The astromaterials curation team at NASA’s Johnson Space Center in Houston has completed the disassembly of the OSIRIS-REx sampler head to reveal the remainder of the asteroid Bennu sample inside. On Jan. 10, they successfully removed two stubborn fasteners that had prevented the final steps of opening the Touch-and-Go-Sample-Acquisition-Mechanism (TAGSAM) head.

Erika Blumenfeld, creative lead for the Advanced Imaging and Visualization of Astromaterials (AIVA) and Joe Aebersold, AIVA project lead, captured this photograph of the open TAGSAM head including the asteroid material inside using manual high-resolution precision photography and a semi-automated focus stacking procedure. The result is an image that shows extreme detail of the sample.

Next, the curation team will remove the round metal collar and prepare the glovebox to transfer the remaining sample from the TAGSAM head into pie-wedge sample trays.
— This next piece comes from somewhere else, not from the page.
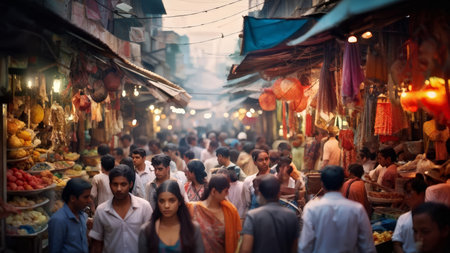 In this bustling market, a large number of people are seen walking around, engaging in various activities and shopping for goods, A bustling market during Ramadan, AI Generated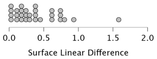 The overall surface difference reported high values of accuracy (mean discrepancy: 0.387 ± 0.361 mm). Considering the entire sample, 21 demonstrated a high degree of accuracy with a surface difference lower than 0.5 mm, eight were accurate (range: 0.5–1 mm), and only one exceeded 1 mm (Figure 4).

These trays will be photographed before the sample is weighed, packaged, and stored at Johnson, home to the most extensive collection of astromaterials in the world. The remaining sample material includes dust and rocks up to about 0.4 inch (one cm) in size. The final mass of the sample will be determined in the coming weeks. The curation team members had already collected 2.48 ounces (70.3 grams) of asteroid material from the sample hardware before the lid was removed, surpassing the agency’s goal of bringing at least 2.12 ounces (60 grams) to Earth.

The curation team will release a catalog of all the Bennu samples later this year, which will allow scientists and institutions around the world to submit requests for research or display.